In his final words, Crown prosecutor Robin Fowler reminded the judge Neville got out of a moving vehicle to confront Flynn and Dwyer, with whom he had been at odds for months.
“Mr. Neville was operating out of anger,” Fowler said.
‘I lost my best friend,’ Dwyer writes
Fowler said Neville should be separated from society “for the protection of the public.”
He pointed out that Neville has a criminal record which includes violent offences, such as assault and uttering threats.
He also said that Neville showed no remorse for what he did. After the incident, Fowler said Neville was still reeling about comments Flynn and Dwyer had put on their Facebook statuses, which he said threatened his mother.
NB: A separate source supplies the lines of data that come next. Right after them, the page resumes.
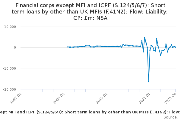 Download this time seriesFinancial corps except MFI and ICPF (S.124/5/6/7): Short term loans by other than UK MFIs (F.41N2): Flow: Liability: CP: £m: NSA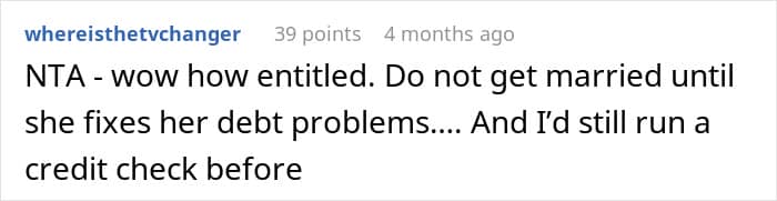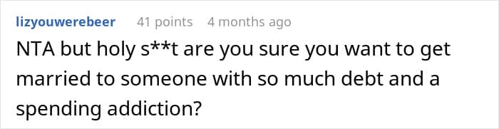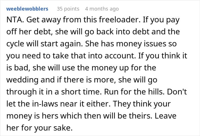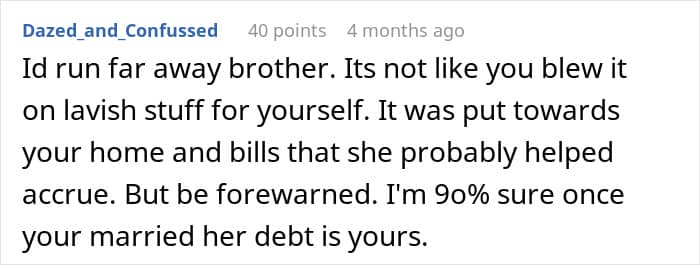 The problem is that the author’s soon-to-be-wife has been struggling with debt since she graduated from college. “My fiancée kept begging me to use all of the money on her debt,” the author explained, but he’s concerned that will only make matters worse.
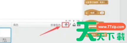 打开scratch编辑界面,点击「新建角色」右侧的图标(如从本地文件上传、随机选择或绘制新角色),插入一个角色。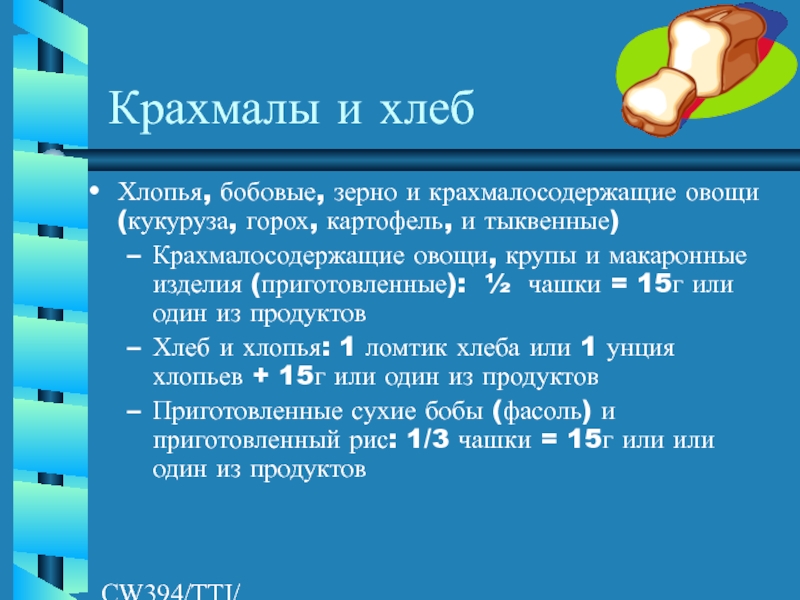 Хлеб и хлопья: 1 ломтик хлеба или 1 унция хлопьев + 15г или один из продуктов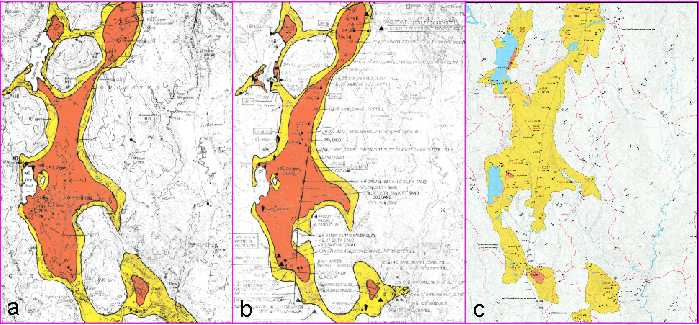 Figure 8. Change in interpretation of aquifer boundaries over time. a. 1979 sand and gravel aquifers map (scale 1:50,000). b. 1985 significant aquifers map (scale 1:50,000). c. Current edition of significant aquifers map, published in 1999 (scale 1:24,000). Note how the interpretation of aquifer boundaries has changed as more data was collected. Note especially how the high-yield (red) areas have shrunk, representing a more conservative estimate of the potential yield of the aquifer. For a more detailed discussion, read Sand and gravel aquifer maps - A work in progress.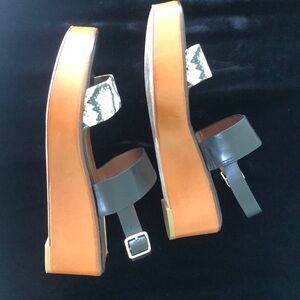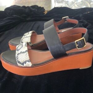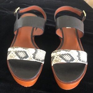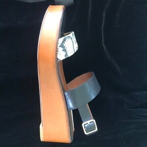 Like new, only worn a few times, Cole Haan sandal. All material is leather except for the toe strap which is snake print fabric.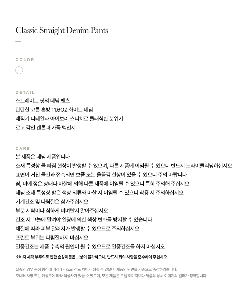 [사은품 증정] 세터 우먼 클래식 스트레이트 데님 팬츠 화이트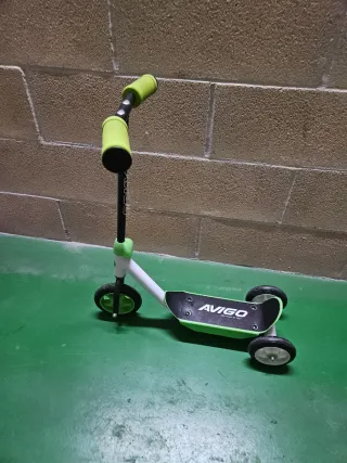 Patinete de tres ruedas con diseño llamativo en color verde y blanco. - Manillar ajustable. - Ruedas de buen tamaño para estabilidad. - Plataforma antideslizante.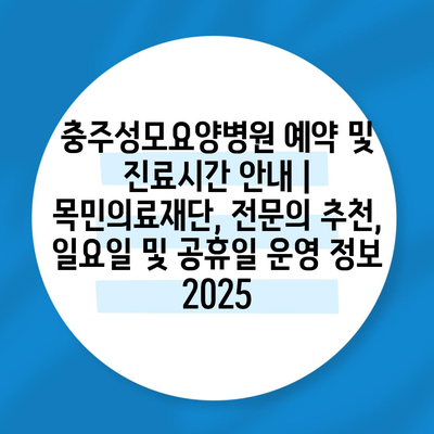 충주성모요양병원 예약 및 진료시간 안내 | 목민의료재단, 전문의 추천, 일요일 및 공휴일 운영 정보 2025

“Anger was the motivation,” Fowler said. “He was angry enough to get out of a moving vehicle to face Ryan Dwyer and Doug Flynn.”
He said the only explanation Neville provided was “they pushed me to do it.”
“Yes, we admit there was a history between them, but at the end of the day, when you look at what happened on Oct. 9, it was all about the fact that Steven Neville was angry.”
Fowler reminded the judge that the jury rejected Neville’s claims of self defence.
Finally, he said Neville’s crimes had a serious impact on many people.
Fowler read out two victim impact statements — one from Flynn’s uncle and the other from Dwyer.
“I lost my best friend. I haven’t been the same person,” Dwyer wrote. “He was always there for me. I will never have a friend like that again in my life.”
Dwyer wrote that he no longer trusts people, has lost countless friends because of what happened and has nightmares that someone is chasing him with a knife.
Since murder carries a mandatory life sentence, the only issue to determine is when Neville can be eligible for parole.
Fowler said he should stay in jail for 15 years — 13 at the least.
However, defence lawyer Peter Ralph argued that 13-15 years is excessive for such a young man.
He said 10 years is more appropriate. Eligibility at 15 years, he added, is usually reserved in cases in which both victims died.
Ralph pointed out that the jury found Neville not guilty of first-degree murder, since there was no evidence of planning and deliberation.
“He was motivated by what he thought were threats to his mother (on Facebook),” Ralph said.
“(Dwyer and Flynn) repeatedly threatened to kill him, repeatedly followed him. It’s tragic and unfortunate, the death of Mr. Flynn, but there are aspects of provocation and self defence here.”
Ralph said Neville did show empathy and had an emotional response to what he did. Neville shed tears Tuesday when Flynn’s mother read her victim impact statement.
“Clearly, he was experiencing sadness and empathy for what happened,” he said. “(After the incident), he’s saying ‘they were my friends.’
“This is not a cold-blooded murder where the person walks away feeling nothing.”
As for Neville’s criminal record, Ralph said none of his convictions resulted in prison sentences.
“He’s had brushes with the law, but not a single offence was serious enough to warrant jail time,” he said.
Ralph said the most important factor to consider in sentencing Neville is his youthfulness — he was 20 at the time of the incident. Since October 2010, Neville has matured a great deal, he said, and will have even moreso in 10 years if he’s granted parole eligibility.
“Mr. Neville also has had continued support from his family and friends,” he said.
“That bodes well for his rehabilitation and reintegration into the community.”